By HAMISH PEARSON
Say Colorado and the first vision is millionaire-covered mountains where fashion competes with the skiing and prices read like altitude levels.
Yet safely tucked away 108km north-west of Denver is a surprisingly homely and down-to-earth resort named Winter Park.
New Zealand's paralympic ski team often camps and trains here during the southern summer. It has not a snowflake of pretension nor a rhinestone-studded ski-suit in sight.
The snowy playground opened in 1940 as, literally, a winter park owned by the city of Denver, and it has built its reputation on family skiing. The tradition endures as the area is equipped with a restaurant and health clinic.
Trails are named after Alice in Wonderland characters and mothers rent beepers so they can be paged when their babies are ready for lunch.
Yet the steeper, bumpier Mary Jane mountain (part of Winter Park) attracts a different brand of skier. A typical customer: the 24-year-old snowboarder with a passion for pickup trucks, cheap beer and on-mountain keg barbecues.
This year the crowds will be spread over more terrain because of the 180ha Vasquez Cirque which opened last November. It offers more challenges for the advanced to extreme skier who is looking for backcountry conditions. Winter Park now has terrain which caters to every kind of skier and is described as champagne snow on a beer budget.
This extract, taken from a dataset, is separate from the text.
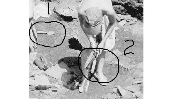 Только на снимках этого тысячелетия видно, что российские археологи частично перешли на западную археологическую кельму (XVI, внизу), но и не отказались от ножей и садовых совков (XXII). Не появились и жестяные мусорные совки (именно это и является одним из оснований для первичной визуальной дифференциации культурной принадлежности снимков на интернете).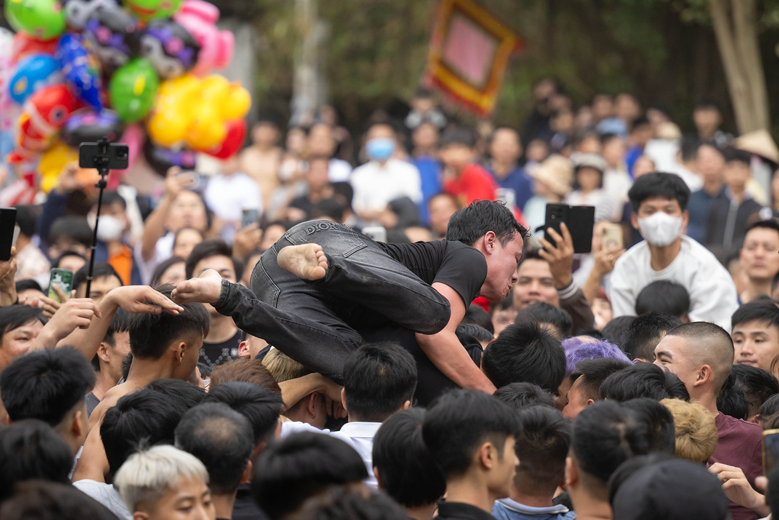 Với mong muốn chạm được vào quả phết để cầu may, nhiều người sẵn sàng chen lấn, leo trèo, thậm chí giẫm lên nhau giữa đám đông.

The nearby villages of Winter Park and Fraser (five and 10 minutes from the mountain base) provide accommodation, shopping, nightlife and leisure activities.
If skiing isn't your preferred form of transport, snowmobiling, snowshoeing and dogsledding are great ways to view beautiful lakes, forests and wildlife such as coyotes, elk and moose. Snow-tubing (careening down a slope in a rubber tube) is popular and local guides guarantee a catch if you try ice-fishing. At the end of the day, soothe your bones in one of the many piping hot thermal springs.
The season begins in the middle of next month and the zany end-of-winter rituals (cardboard box racing, skiing into lakes) are held near the end of April.
For New Zealanders, the Winter Park and Fraser Valley areas of Colorado offer a complete winter experience away from the hype and prices of Vail and Aspen. The locals are helpful, salt-of-the-earth folk and accommodation can suit all budgets.